# Ok, I found 'em! Now what?



## CJones (Mar 15, 2018)

Last Tuesday I found my first ever morel! It was only about an inch tall, so I dutifully left it alone. Now, after checking in daily, I've observed a little patch of about 15 or so of them, with the biggest being about the size of my thumb. 
Here's what I need to know: How do I know when to harvest them? I feel like I'll know when I'm too late, but how will I know when they're just right for picking? Can I expect them to get as big as most of the pics I've seen? Or is they're a chance they are just small? Help! I'd sure hate for them to get old on me, and I certainly don't want the critters to get them all either. 
I would appreciate any advice!


----------



## CJones (Mar 15, 2018)

Thanks much! I'll let them be for now... no risk of competition for them; not from other people anyway.


----------



## eidolon (Feb 13, 2018)

I *think* what you have there is _Morchella diminutiva_. They are small, about half the size of your thumb. They don't "grow", that's how big they are. I am not sure they are worth fooling with unless you have enough to make a dish out of...I have only found one of them before, but it was growing along side some of the bigger species. (More info on Mushroomexpert.org, by Michael Kuo). If you intend to eat them, morels are much more delicate than grocery store mushrooms. Very little heat will cook them, so start out on low heat. If I had a bunch of these, I'd saute' them in butter and maybe put in a very little garlic, maybe a small amount of red wine, and pour the whole thing over a pot of rice. Or eat them with a steak or some pork chops.


----------



## ckorte (Oct 8, 2014)

Those look like tulip morels so be aware they won’t get as large as some of the others you see pictures of. Still as delicious though.


----------



## CJones (Mar 15, 2018)

Thanks for the information!
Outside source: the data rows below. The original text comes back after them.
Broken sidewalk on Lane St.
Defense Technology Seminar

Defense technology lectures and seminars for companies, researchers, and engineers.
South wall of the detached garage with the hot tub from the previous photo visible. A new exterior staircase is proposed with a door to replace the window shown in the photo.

Very helpful.


----------



## glassman (Mar 9, 2013)

I've picked lots of those. They don't get any bigger. Pick them and enjoy.


----------



## morelmaniac78 (Apr 21, 2013)

T tom said:


> Although i don't agree with you on getting bigger, your cooking methods are spot on. I've had morels never get any bigger, but it was do to weather conditions. Like i said before, as long as they are retaining moisture, let them grow .
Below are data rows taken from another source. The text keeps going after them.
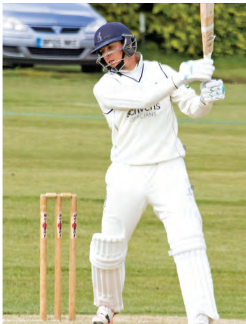
Another century for Coleman

In reply, Umeed and Thomason were dismissed without scoring, while Lambert, Coleman and Webb all fell in single figures as Warwickshire were left reeling on 30-5 in the eighteenth over and as wickets continued to fall, only Banks 16, Milnes 30 and Banton 21 reached double figures before being bowled out for just eighty five, avoiding a possible follow-on by four runs. Fisher 4-23 was Yorkshire's most successful bowler.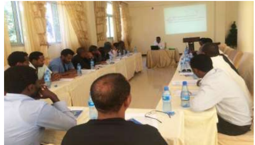
Formal training and professional development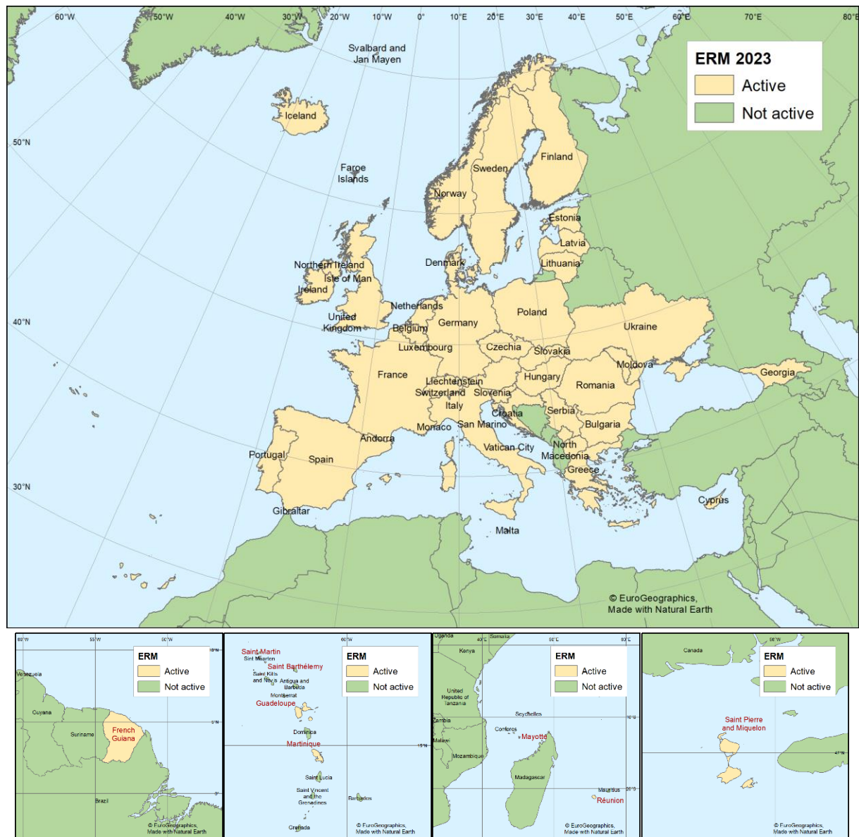
Figure 1: Geographic extent of ERM (overview)

T Tom, there are multiple species of morels, and as eidolon mentioned, these are Morchella Diminutive, a.k.a tulip morels, and they will normally grow no bigger than a few inches tall and about an inch wide.


----------



## Mushroom Geologist (Feb 22, 2019)

CJones said:


> Last Tuesday I found my first ever morel! It was only about an inch tall, so I dutifully left it alone. Now, after checking in daily, I've observed a little patch of about 15 or so of them, with the biggest being about the size of my thumb.
> Here's what I need to know: How do I know when to harvest them? I feel like I'll know when I'm too late, but how will I know when they're just right for picking? Can I expect them to get as big as most of the pics I've seen? Or is they're a chance they are just small? Help! I'd sure hate for them to get old on me, and I certainly don't want the critters to get them all either.
> I would appreciate any advice!
> View attachment 13018
> View attachment 13022


Immediately call me and I will help you to remove them for you. LOL.


----------



## morelchef (Mar 7, 2013)

CJones said:


> Last Tuesday I found my first ever morel! It was only about an inch tall, so I dutifully left it alone. Now, after checking in daily, I've observed a little patch of about 15 or so of them, with the biggest being about the size of my thumb.
> Here's what I need to know: How do I know when to harvest them? I feel like I'll know when I'm too late, but how will I know when they're just right for picking? Can I expect them to get as big as most of the pics I've seen? Or is they're a chance they are just small? Help! I'd sure hate for them to get old on me, and I certainly don't want the critters to get them all either.
> I would appreciate any advice!
> View attachment 13018
> View attachment 13022


it is time to pick those, they most likely wont get any bigger, the yellow looks like it is already a little old and as stated by others the other ones are most likely the Diminutive and wont get any bigger.


----------



## kb (Feb 13, 2013)

And the final vote is ............ I say the tighter the gills the tastier the morel. But I also like the ones that get flash dried in the Flint Hills they have such a strong flavor.


----------



## yocham85 (Feb 21, 2017)

I haven't ever thought of it like that but you are 100% right. The tight gills are better tasting 


kb said:


> And the final vote is ............ I say the tighter the gills the tastier the morel. But I also like the ones that get flash dried in the Flint Hills they have such a strong flavor.


----------



## CJones (Mar 15, 2018)

morelchef said:


> it is time to pick those, they most likely wont get any bigger, the yellow looks like it is already a little old and as stated by others the other ones are most likely the Diminutive and wont get any bigger.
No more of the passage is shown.